On saving optimizer and scheduler, I did something like:
accelerator.print("==> Saving optimizer <==")
accelerator.save(optimizer.state_dict(), "optimizer.pth.tar")
accelerator.print("==> Saving scheduler <==")
accelerator.save(scheduler.state_dict(), "scheduler.pth.tar")
Then when I load checkpoint for the optimizer and scheduler right before prepare()
(same place as I load the model checkpoint), for example:
optimizer.load_state_dict(torch.load("optimizer.pth.tar"))
scheduler.load_state_dict(torch.load("scheduler.pth.tar"))
I get SIGKILL
exception from the tpu indicating OOM…
And I thought why not just load on main process? Then use prepare()
to push to all process?
if accelerator.is_main_process:
optimizer.load_state_dict(torch.load("optimizer.pth.tar"))

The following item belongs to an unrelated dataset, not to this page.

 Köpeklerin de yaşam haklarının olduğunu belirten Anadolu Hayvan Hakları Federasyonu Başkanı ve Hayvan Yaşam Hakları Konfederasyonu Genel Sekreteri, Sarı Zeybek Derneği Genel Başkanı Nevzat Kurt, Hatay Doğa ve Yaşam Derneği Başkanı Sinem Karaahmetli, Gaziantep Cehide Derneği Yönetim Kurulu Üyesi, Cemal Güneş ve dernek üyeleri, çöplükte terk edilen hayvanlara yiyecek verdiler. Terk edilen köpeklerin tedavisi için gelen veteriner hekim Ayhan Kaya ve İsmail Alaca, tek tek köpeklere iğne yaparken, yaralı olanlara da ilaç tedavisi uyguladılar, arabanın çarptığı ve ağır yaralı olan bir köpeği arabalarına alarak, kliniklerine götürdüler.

scheduler.load_state_dict(torch.load("scheduler.pth.tar"))
It went okay.
But then when saving the next checkpoint for optimizer and scheduler (model saved okay) I get an error:
Exception in device=TPU:0: 140247764057056
Traceback (most recent call last):
File "/usr/local/lib/python3.7/dist-packages/torch_xla/distributed/xla_multiprocessing.py", line 329, in _mp_start_fn
_start_fn(index, pf_cfg, fn, args)
File "/usr/local/lib/python3.7/dist-packages/torch_xla/distributed/xla_multiprocessing.py", line 323, in _start_fn
fn(gindex, *args)
File "/usr/local/lib/python3.7/dist-packages/accelerate/utils.py", line 305, in __call__
self.launcher(*args)
File "<ipython-input-19-05ee9dbbadb6>", line 183, in map_fn
accelerator.save(optimizer.state_dict(), "optimizer.pth.tar")

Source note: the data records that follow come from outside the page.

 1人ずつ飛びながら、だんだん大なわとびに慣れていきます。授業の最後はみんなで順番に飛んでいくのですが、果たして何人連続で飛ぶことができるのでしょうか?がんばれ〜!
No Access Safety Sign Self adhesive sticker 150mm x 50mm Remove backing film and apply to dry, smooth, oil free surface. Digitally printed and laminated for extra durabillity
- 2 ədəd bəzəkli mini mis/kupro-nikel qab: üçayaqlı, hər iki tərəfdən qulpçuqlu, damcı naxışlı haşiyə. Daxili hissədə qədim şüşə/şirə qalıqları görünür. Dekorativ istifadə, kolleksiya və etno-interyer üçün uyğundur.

File "/usr/local/lib/python3.7/dist-packages/accelerate/optimizer.py", line 91, in state_dict
return self.optimizer.state_dict()
File "/usr/local/lib/python3.7/dist-packages/torch/optim/optimizer.py", line 120, in state_dict
for k, v in self.state.items()}
File "/usr/local/lib/python3.7/dist-packages/torch/optim/optimizer.py", line 120, in <dictcomp>
for k, v in self.state.items()}
KeyError: 140247764057056
Exception in device=TPU:7: Cancelled: From /job:tpu_worker/replica:0/task:0:
Cancelled by TearDown.
I am so close to get codes ready to train but out of clues on saving checkpoint… any idea how to save and load optimizer and scheduler? Thanks.
Edit:
Related question?
https://github.com/huggingface/transformers/issues/4963